Given his rejection of the musical term Impressionism, it’s interesting that most of Debussy’s works were impressions of works of art or various scenes. Although Nocturnes premiered in 1900 and may have been a retooling of an earlier piece that’s now lost, Debussy reworked details of its musical impressions for the rest of his life.
PAUL DUKAS
Born 1 October 1865; Paris, France
Died 17 May 1935; Paris, France
L’apprenti sorcier [The Sorcerer’s Apprentice]
Composed: 1896 – 1897
First performance: 18 May 1897; Paul Dukas, conductor; Société nationale de musique
Last MSO performance: 2 May 2015; Cristian Măcelaru, conductor
Instrumentation: 2 flutes; piccolo; 2 oboes; 2 clarinets; bass clarinet; 3 bassoons; contrabassoon; 4 horns; 4 trumpets; 3 trombones; timpani; percussion (bass drum, cymbals, glockenspiel, suspended cymbals, triangle); harp; strings
Approximate duration: 12 minutes
Paul Dukas was fairly crippled as a composer by his deeply self-critical nature. Believing his works were not worthy of being performed or heard, he destroyed many of his pieces — both completed and in-progress ones. But one of the 12 pieces he did not destroy, his 1897 symphonic tone poem, The Sorcerer’s Apprentice, caught the attention of the public in the first years of its existence. It was inspired by the 1797 poem of the same name by German author and poet Johann Wolfgang von Goethe, whose biographies usually begin today with the words, “the greatest and most influential writer in the German language.”
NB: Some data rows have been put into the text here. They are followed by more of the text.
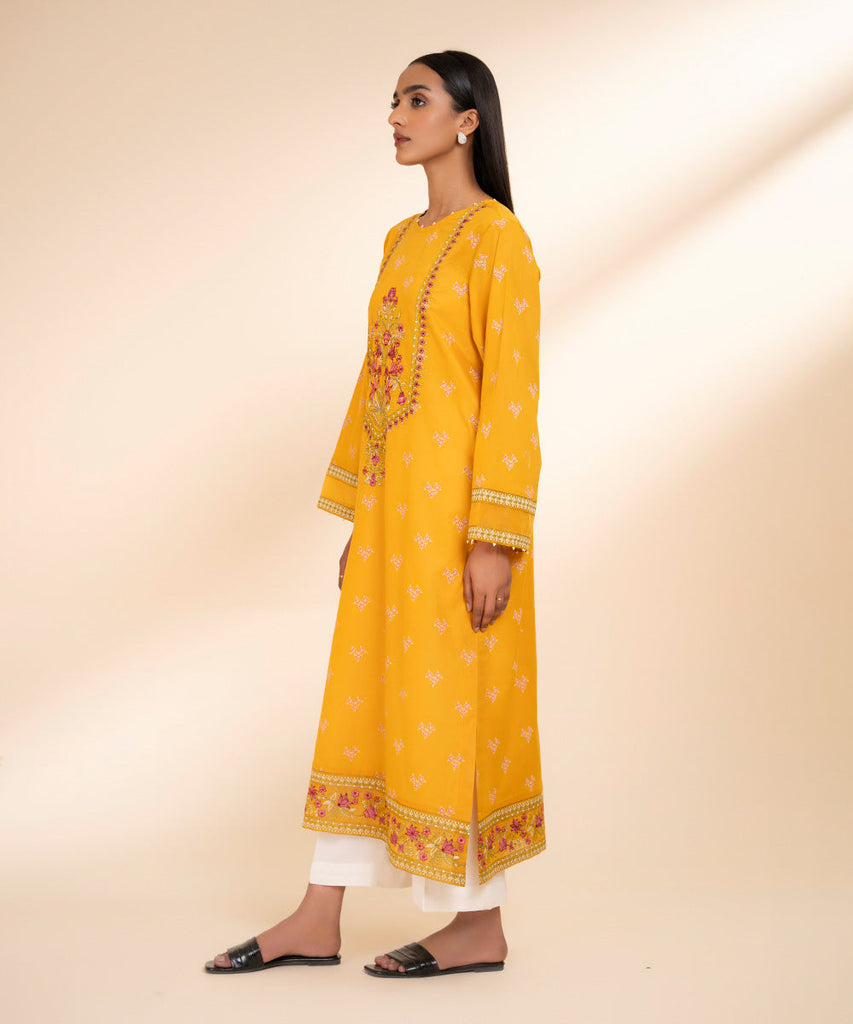 A-Line ShirtElevate your summer style with our embroidered A line bright mustard shirt featuring a round neckline.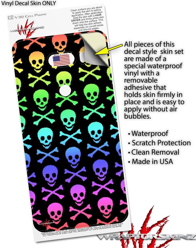Skin Decal Wrap for LG V30 Skull and Crossbones Rainbow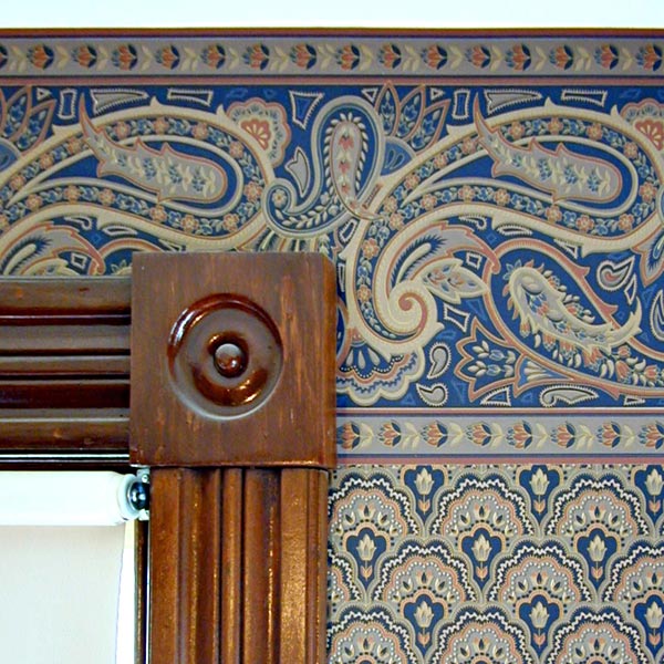 While Walt was making phone calls, I reminded myself that this was my last day here, and I had still not photographed some of the details I wanted to capture—mainly his meticulous restoration work on the house. So I walked around shooting things that caught my eye: the torch-like light fixtures flanking the front door; the elaborate two-patterned wallpaper in the master bedroom; and Walt's brass-headed cane. I could spend a year photographing this house and its contents without capturing everything, but these images will have to convey the feeling.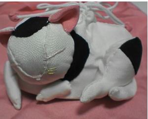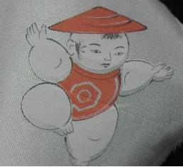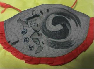 このシリーズで前回は、恵比寿の絵図だったので恵比寿袋ってしました今回は雷様袋になるのねしかし、この裁断で調子こいていたらこうなるわけだから顔がーーーーーー三つ巴の模様はええけどま、、悪いことすると鬼出るでーつーことにしといてくださいませんか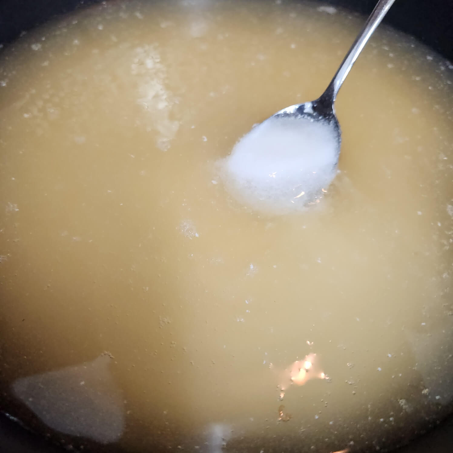 👉계속 숟가락이나 주걱으로 저어주시다가 물이 끓기 시작하면 중간불로 바꿔주시고 녹을 때까지 저어주세요
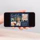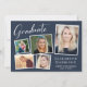 Invitation de la fête de graduation bleu moderne avec un collage photo de 5 images éparpillées dans des cadres blancs, "Graduate" dans un script blanc chic, le nom de la grade dans la typographie blanche élégante et leur école et année de classe dans la simple typographie blanche. Ajoutez les détails de votre fête à l'arrière.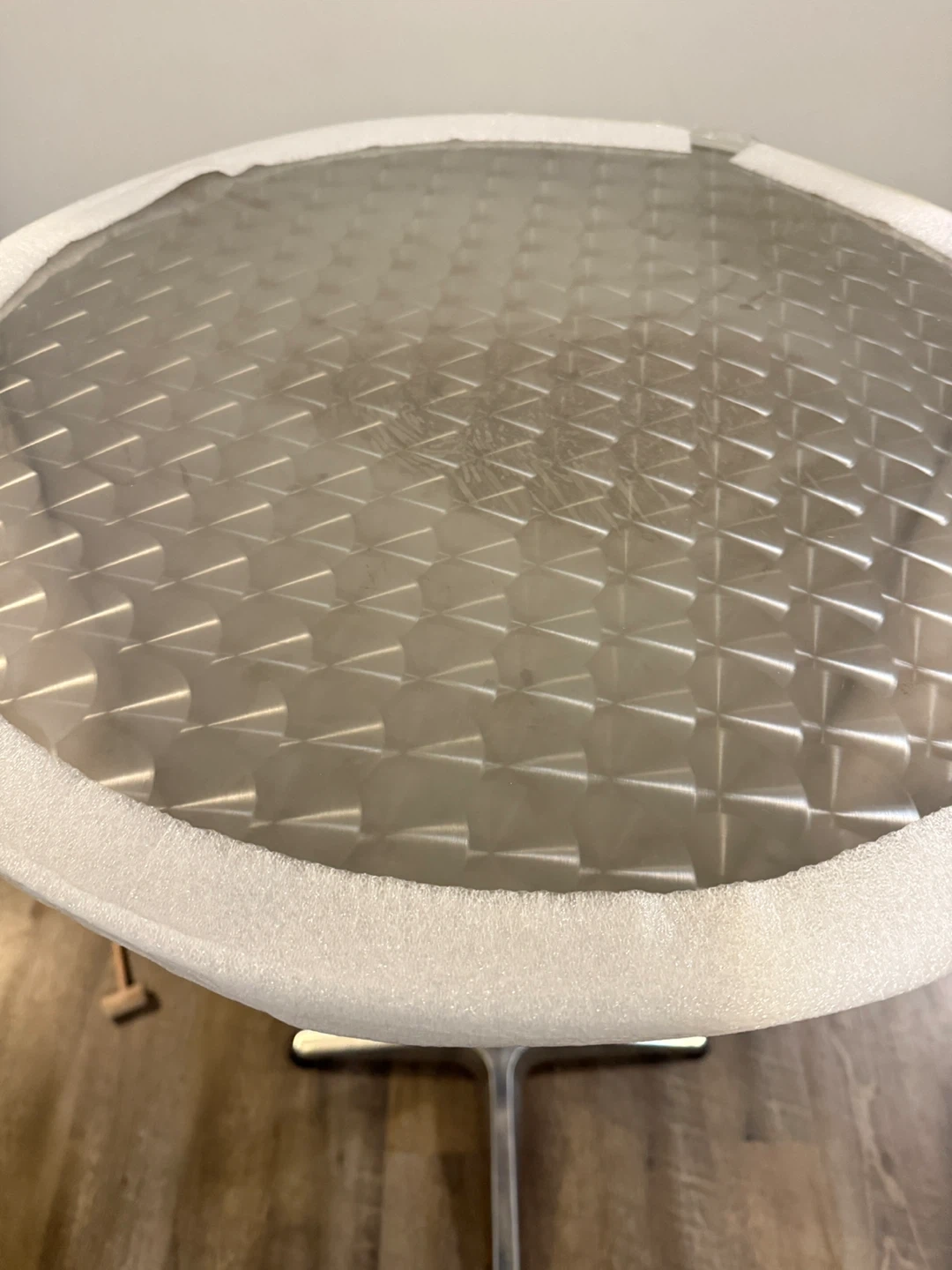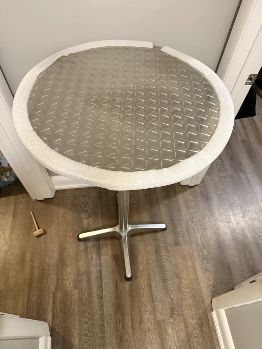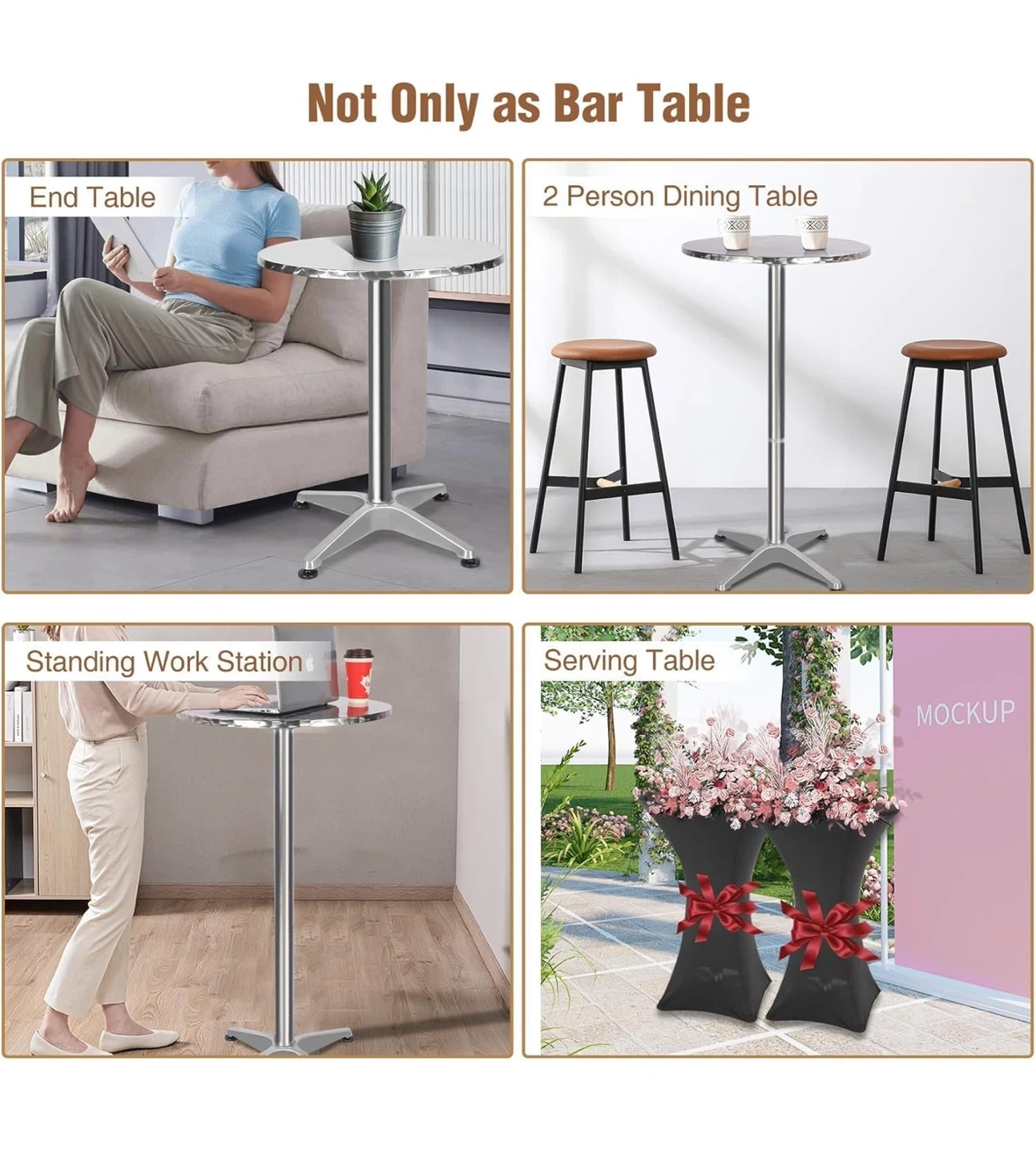 Selling a height-adjustable round bar table! It has a sleek, modern design with a silver base and a round top. The table's height can be adjusted to suit your needs. It has a weight capacity of 110-165lbs/50-75kg and weighs 16.9lbs/7.7kg. Perfect for a small space or a bar area!

Many writers have told the story of the sorcerer’s apprentice, who is left alone in the sorcerer’s workroom one night to tidy up and tries to use sorcery to make the task easier. The apprentice casts a spell to make a broom do his work for him, but the broom spills a bucket of water on the floor. When the apprentice tries to destroy the broom, it divides into two brooms, and then the brooms divide again and again, and the situation quickly gets completely out of hand. The sorcerer eventually comes back and sets things to rights, using the opportunity to teach the apprentice a lesson in some versions of the story, and getting angry and throwing the apprentice out in other versions.
Inspired by Goethe’s telling of the story, Dukas wrote a completely engrossing, terrifically colorful piece, which in very short order became one of the most-often-played pieces of the modern era. In 1940, Disney’s animated film, Fantasia, included the Dukas piece with Mickey Mouse in the title role. Don’t worry if your mind goes to images of Fantasia as you listen to the piece — you won’t be alone.